▶ [TASK REQUIREMENTS]
Give again only the lines from the line that holds "A12 (Genova–Roma) |" to the end of the data, inclusive, omitting all pictures.

▶ [DATA]
== Segment start ==

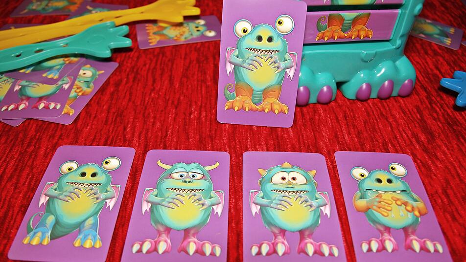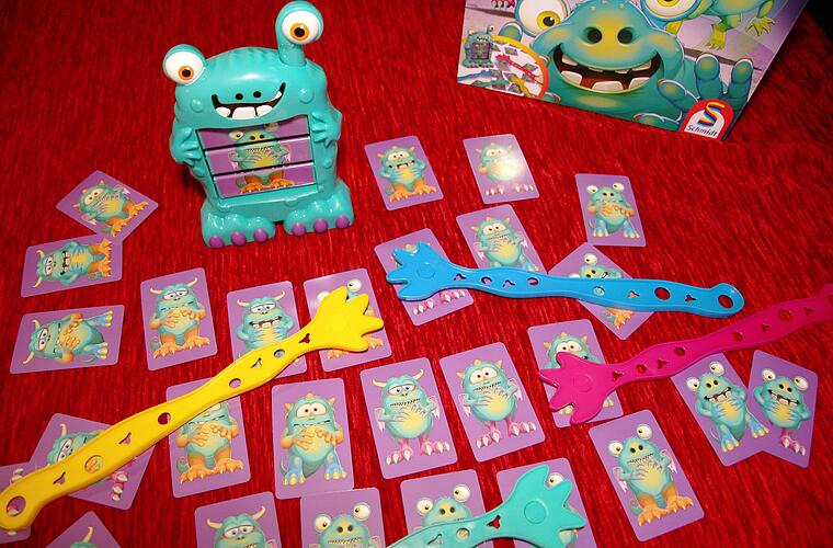 Ein Druck auf den Monstermixer, und die Jagd beginnt. Wer die richtige Karte findet, haut schnell mit der Saugnapfklatsche darauf. Wir haben uns wagemutig unter die „Monsterjäger“ gemischt, und hier ist das Ergebnis.
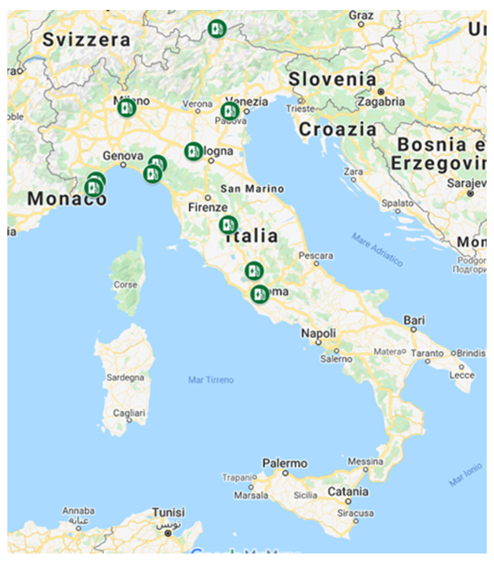 | A7 (Milano–Genova) | A10 (Genova–Ventimiglia) | A16 (Napoli–Canosa) | A12 (Genova–Roma) |
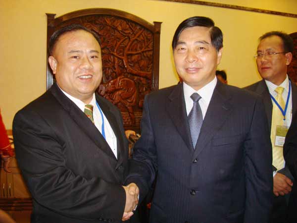 图一:4月25日,云南省省委常委、昆明市市委书记仇和亲切接见李桂雄会长。

== Segment end ==

▶ [YOUR RESPONSE]
 | A7 (Milano–Genova) | A10 (Genova–Ventimiglia) | A16 (Napoli–Canosa) | A12 (Genova–Roma) |
 图一:4月25日,云南省省委常委、昆明市市委书记仇和亲切接见李桂雄会长。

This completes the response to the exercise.